Have you ever used meat injectors? If you haven’t, you’re about to be surprised! These injectors are the grill master's best kept secret for adding incredible flavor and juiciness to your grilling game. Meat injectors are large syringes that can be used to fill food with marinades, sauces, or brines. When the marinade is injected directly into the meat, every fiber of the food becomes filled with delicious flavor. The result: a plump, juicy, piece of meat that is unlikely to dry out during cooking. The best part is you don’t have to restrict yourself only to meats - you can also inject vegetables with salt, oil, and spices.
There isn’t a lot of competition in the meat injector market, so we only chose three models to put to the test. We looked at each one and scored them on Liquid Capacity, Needle Design, Sturdiness, and Easy Cleaning. We took those ratings and came up with an rating to determine each injectors Overall Score. Once we had the scores in hand, it was pretty easy to see which one ranked as our number one Pitmaster’s Choice in the Injectors Category.
Use the table below to get a quick look at how each injector performed on our tests. Then, continue scrolling to read our review on each injector to back up the rankings. You can also click on each injector to read a more in-depth review.
Overall Injectors Review Scores
Mr Grill 2 Food Injector By GrillHogs
If you’re looking for a food injector, this Mr Grill item certainly looks the part. It also feels solid and heavy in the hand. The two needles it comes with are long enough for almost any meats, and the two different types cover pretty much any type of sauce or minced marinade you can think of.

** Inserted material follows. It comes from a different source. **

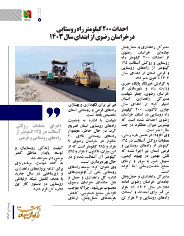 %u0632%u0645%u0633%u062a%u0627%u0646 1403%u0627%u062f%u0627%u0631%u0647%u200c%u06a9%u0640%u0640%u0640%u0640%u0640%u0640%u0640%u0640%u0640%u0640%u0644%u0627%u062e%u0640%u0640%u0640%u0640%u0640%u0640%u0640%u0628%u0640%u0640%u0640%u0640%u0640%u0640%u0640%u0640%u0640%u0627%u063111%u0645%u062f%u06cc%u0631%u06a9%u0644 %u0631%u0627%u0647%u062f%u0627%u0631%u06cc %u0648 %u062d%u0645%u0644%u0648%u0646%u0642%u0644 %u062c%u0627%u062f%u0647%u0627%u06cc %u062e%u0631%u0627%u0633%u0627%u0646 %u0631%u0636%u0648%u06cc %u0627%u0632 %u0627%u062d%u062f%u0627%u062b %u06f2%u06f0%u06f0 %u06a9%u06cc%u0644%u0648%u0645%u062a%u0631 %u0631%u0627%u0647 %u0631%u0648%u0633%u062a%u0627%u06cc%u06cc %u0648 %u0631%u0648%u06a9%u0634 %u0622%u0633%u0641%u0627%u0644%u062a %u06f1%u06f2%u06f5%u06a9%u06cc%u0644%u0648%u0645%u062a%u0631 %u0627%u0632 %u0631%u0627%u0647%u0647%u0627%u06cc %u0631%u0648%u0633%u062a%u0627%u06cc%u06cc %u0648 %u0641%u0631%u0639%u06cc %u0627%u0633%u062a%u0627%u0646 %u0627%u0632 %u0627%u0628%u062a%u062f%u0627%u06cc %u0633%u0627%u0644 %u06f1%u06f4%u06f0%u06f3 %u062a%u0627%u06a9%u0646%u0648%u0646 %u062e%u0628%u0631 %u062f%u0627%u062f.%u0628%u0647 %u06af%u0632%u0627%u0631%u0634 %u062e%u0628%u0631%u0646%u06af%u0627%u0631 %u067e%u0627%u06cc%u06af%u0627%u0647 %u062e%u0628%u0631%u06cc %u0648%u0632%u0627%u0631%u062a %u0631%u0627%u0647 %u0648 %u0634%u0647%u0631%u0633%u0627%u0632%u06cc %u0627%u0632 %u062e%u0631%u0627%u0633%u0627%u0646 %u0631%u0636%u0648%u06cc%u060c %u062c%u0639%u0641%u0631 %u0634%u0647%u0627%u0645%u062a %u0645%u062f%u06cc%u0631%u06a9%u0644 %u0631%u0627%u0647%u062f%u0627%u0631%u06cc %u0627%u0633%u062a%u0627%u0646 %u0627%u0638%u0647%u0627%u0631 %u06a9%u0631%u062f: %u0627%u0632 %u0627%u0628%u062a%u062f%u0627%u06cc %u0633%u0627%u0644 %u062c%u0627%u0631%u06cc %u062a%u0627%u06a9%u0646%u0648%u0646%u060c %u06f2%u06f0%u06f0 %u06a9%u06cc%u0644%u0648%u0645%u062a%u0631 %u0631%u0627%u0647 %u0631%u0648%u0633%u062a%u0627%u06cc%u06cc %u062f%u0631 %u0627%u0633%u062a%u0627%u0646 %u062e%u0631%u0627%u0633%u0627%u0646 %u0631%u0636%u0648%u06cc %u0627%u062d%u062f%u0627%u062b %u0634%u062f%u0647 %u0627%u0633%u062a %u06a9%u0647 %u0628%u06cc%u0634%u062a%u0631%u06cc%u0646 %u0645%u06cc%u0632%u0627%u0646 %u0639%u0645%u0644%u06a9%u0631%u062f %u062f%u0631 %u0686%u0646%u062f %u0633%u0627%u0644 %u0627%u062e%u06cc%u0631 %u0627%u0633%u062a.%u0648%u06cc %u0627%u0641%u0632%u0648%u062f: %u062f%u0631 %u0647%u0645%u06cc%u0646 %u0628%u0627%u0632%u0647 %u0632%u0645%u0627%u0646%u06cc%u060c %u0639%u0645%u0644%u06cc%u0627%u062a %u0631%u0648%u06a9%u0634 %u0622%u0633%u0641%u0627%u0644%u062a %u062f%u0631 %u06f1%u06f2%u06f5%u06a9%u06cc%u0644%u0648%u0645%u062a%u0631 %u0627%u0632 %u0631%u0627%u0647%u0647%u0627%u06cc %u0631%u0648%u0633%u062a%u0627%u06cc%u06cc %u0648 %u0641%u0631%u0639%u06cc %u0627%u0633%u062a%u0627%u0646 %u0646%u06cc%u0632 %u0627%u062c%u0631%u0627 %u0634%u062f%u0647 %u06a9%u0647 %u0646%u0642%u0634 %u0645%u0647%u0645%u06cc %u062f%u0631 %u0628%u0647%u0628%u0648%u062f %u0627%u06cc%u0645%u0646%u06cc%u060c %u062a%u0633%u0647%u06cc%u0644 %u0639%u0628%u0648%u0631 %u0648 %u0645%u0631%u0648%u0631 %u0648 %u0627%u0631%u062a%u0642%u0627%u06cc %u0633%u0637%u062d %u062e%u062f%u0645%u062a%u0631%u0633%u0627%u0646%u06cc %u0627%u06cc%u0641%u0627 %u06a9%u0631%u062f%u0647 %u0627%u0633%u062a.%u0645%u062f%u06cc%u0631%u06a9%u0644 %u0631%u0627%u0647%u062f%u0627%u0631%u06cc %u0648 %u062d%u0645%u0644%u0648%u0646%u0642%u0644 %u062c%u0627%u062f%u0647%u0627%u06cc %u062e%u0631%u0627%u0633%u0627%u0646 %u0631%u0636%u0648%u06cc %u0627%u062f%u0627%u0645%u0647 %u062f%u0627%u062f: %u062f%u0631 %u0633%u0627%u0644 %u06f1%u06f4%u06f0%u06f3 %u060c%u06f1%u06f5 %u0647%u0632%u0627%u0631 %u062a%u0646 %u0642%u06cc%u0631 %u0628%u0631%u0627%u06cc %u0627%u062d%u062f%u0627%u062b %u0648 %u0622%u0633%u0641%u0627%u0644%u062a %u0631%u0627%u0647%u0647%u0627%u06cc %u0631%u0648%u0633%u062a%u0627%u06cc%u06cc %u0648 %u06f6 %u0647%u0632%u0627%u0631 %u062a%u0646 %u0642%u06cc%u0631 %u0646%u06cc%u0632 %u0628%u0631%u0627%u06cc %u0646%u06af%u0647%u062f%u0627%u0631%u06cc %u0648 %u0628%u0647%u0633%u0627%u0632%u06cc %u0631%u0627%u0647%u0647%u0627%u06cc %u0641%u0631%u0639%u06cc %u0648 %u0631%u0648%u0633%u062a%u0627%u06cc%u06cc %u0627%u0633%u062a%u0627%u0646 %u062a%u062e%u0635%u06cc%u0635 %u06cc%u0627%u0641%u062a%u0647 %u0627%u0633%u062a.%u0634%u0647%u0627%u0645%u062a %u0628%u0627 %u0627%u0634%u0627%u0631%u0647 %u0628%u0647 %u0648%u0636%u0639%u06cc%u062a %u0631%u0627%u0647%u0647%u0627%u06cc %u0631%u0648%u0633%u062a%u0627%u06cc%u06cc %u0627%u0633%u062a%u0627%u0646 %u062a%u0635%u0631%u06cc%u062d %u06a9%u0631%u062f: %u062f%u0631 %u062d%u0627%u0644 %u062d%u0627%u0636%u0631%u060c %u0645%u062c%u0645%u0648%u0639 %u0631%u0627%u0647%u0647%u0627%u06cc %u0631%u0648%u0633%u062a%u0627%u06cc%u06cc %u0628%u0627%u0627%u0644%u06cc %u06f2%u06f0%u062e%u0627%u0646%u0648%u0627%u0631 %u062f%u0631 %u062e%u0631%u0627%u0633%u0627%u0646 %u0631%u0636%u0648%u06cc %u06f9%u0647%u0632%u0627%u0631 %u0648 %u06f2%u06f8%u06f5 %u06a9%u06cc%u0644%u0648%u0645%u062a%u0631 %u0627%u0633%u062a %u06a9%u0647 %u0627%u0632 %u0627%u06cc%u0646 %u0645%u06cc%u0632%u0627%u0646%u060c %u062a%u0627%u06a9%u0646%u0648%u0646 %u06f7 %u0647%u0632%u0627%u0631 %u0648 %u06f5%u06f7%u06f5%u06a9%u06cc%u0644%u0648%u0645%u062a%u0631 %u0622%u0646 %u0622%u0633%u0641%u0627%u0644%u062a %u0634%u062f%u0647 %u0648 %u062f%u0631 %u062d%u0627%u0644 %u0628%u0647%u0631%u0647%u0628%u0631%u062f%u0627%u0631%u06cc %u0627%u0633%u062a.%u0648%u06cc %u0639%u0646%u0648%u0627%u0646 %u06a9%u0631%u062f: %u062a%u0648%u0633%u0639%u0647 %u0631%u0627%u0647%u0647%u0627%u06cc %u0631%u0648%u0633%u062a%u0627%u06cc%u06cc %u06cc%u06a9%u06cc %u0627%u0632 %u0627%u0648%u0644%u0648%u06cc%u062a%u0647%u0627%u06cc %u0627%u062f%u0627%u0631%u0647 %u06a9%u0644 %u0631%u0627%u0647%u062f%u0627%u0631%u06cc %u0648 %u062d%u0645%u0644 %u0648 %u0646%u0642%u0644 %u062c%u0627%u062f%u0647%u0627%u06cc %u062e%u0631%u0627%u0633%u0627%u0646 %u0631%u0636%u0648%u06cc %u0645%u062d%u0633%u0648%u0628 %u0645%u06cc%u0634%u0648%u062f%u

I did notice a tiny bit of leakage when I was pushing the food injector particularly hard, but you can almost see the meat swelling as you use it, so you know the marinade is getting to where it should. Time will tell if this item retains it’s function, and whether the steel is genuinely stainless, but for now I would say this food injector is one of the better ones on the market.
Bayou Classic Stainless Steel Marinade Injector
If you take your grilling seriously, at some point you’ll probably want to give a meat injector a try. These devices pump sauces and other marinades deep inside the meat, which keeps it where it’s supposed to be and adds moisture and flavor. They’re easy enough to use, just fill the food injector with your sauce, push the point in to the thick parts of the meat and inject. This Bayou flavor injector comes with two needles, one that’s a simple tube for thicker and minced marinade, the other with a capped end and three holes either side for thinner liquids. Both of them are sharp enough to pierce the meat and are of a decent length.
GrillPro Meat Injector
This GrillPro seasoning injector is made of plastic, except the plunger shaft and the needle. The body in particular is that clear, brittle kind, the rest isn’t so bad. It has a scale on the side in ml and ounces, although I don’t know anyone who marinades so precisely. The needle is sharp enough to do the job, but using anything other than thin liquid will cause it to clog up, even particles of herbs and spices. At least it comes apart to clean, although this is more of a one-use item.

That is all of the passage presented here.